How to Evaluate AI Coding Assistants Properly

Not all AI coding assistants are equal. Here's a practical framework for judging them on accuracy, context, IDE fit, pricing, and data handling.

How to Evaluate AI Coding Assistants Properly

AI coding assistants have moved from novelty to infrastructure fast. Picking the wrong one costs real hours — slow completions, hallucinated APIs, broken context across files. This post gives you a structured way to compare any tool across five dimensions: task accuracy, context window, IDE integration, pricing model, and data handling. By the end you'll have a repeatable evaluation checklist you can apply whether you're choosing for a solo project or a team of fifty engineers.

Task Accuracy: The Only Metric That Actually Matters

Benchmark scores from vendors are marketing. What you want is performance on the kind of code you actually write. A tool that scores well on HumanEval may still botch your domain-specific ORM patterns or your internal monorepo conventions. Test it on real tasks pulled from your last sprint — bug fixes, refactors, and greenfield functions — before you commit to anything.
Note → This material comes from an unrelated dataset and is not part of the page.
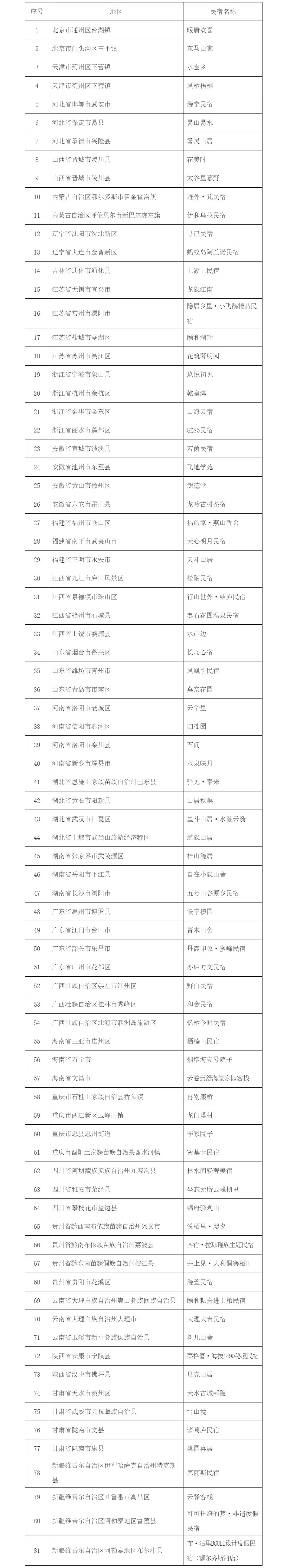 央廣網(wǎng)北京1月27日消息(記者 宋雪)據(jù)文化和旅游部網(wǎng)站消息,根據(jù)《〈旅游民宿基本要求與等級劃分〉(GB/T 41648—2022)實施工作導(dǎo)則》,81家旅游民宿符合全國甲級旅游民宿標(biāo)準(zhǔn),104家旅游民宿符合全國乙級旅游民宿標(biāo)準(zhǔn)。

Measuring Completion Quality

Run the same task prompt through any tool you're evaluating, then check correctness, style conformance, and whether it introduced new bugs. Count how often you accept a suggestion unchanged versus how often you rewrite it substantially. A tool you're rewriting more than 50% of the time is slower than autocomplete. Keep a simple log for two weeks; intuition will mislead you.

Hallucination Frequency

AI coding assistants can confidently reference library methods that don't exist. This is particularly dangerous in fast-moving ecosystems — Python packaging, Rust crates, newer Node APIs. Research on code generation reliability has consistently shown that larger context and retrieval-augmented approaches reduce but don't eliminate hallucination. Track how often a suggestion compiles versus how often it references a nonexistent symbol. That ratio tells you more than any vendor benchmark.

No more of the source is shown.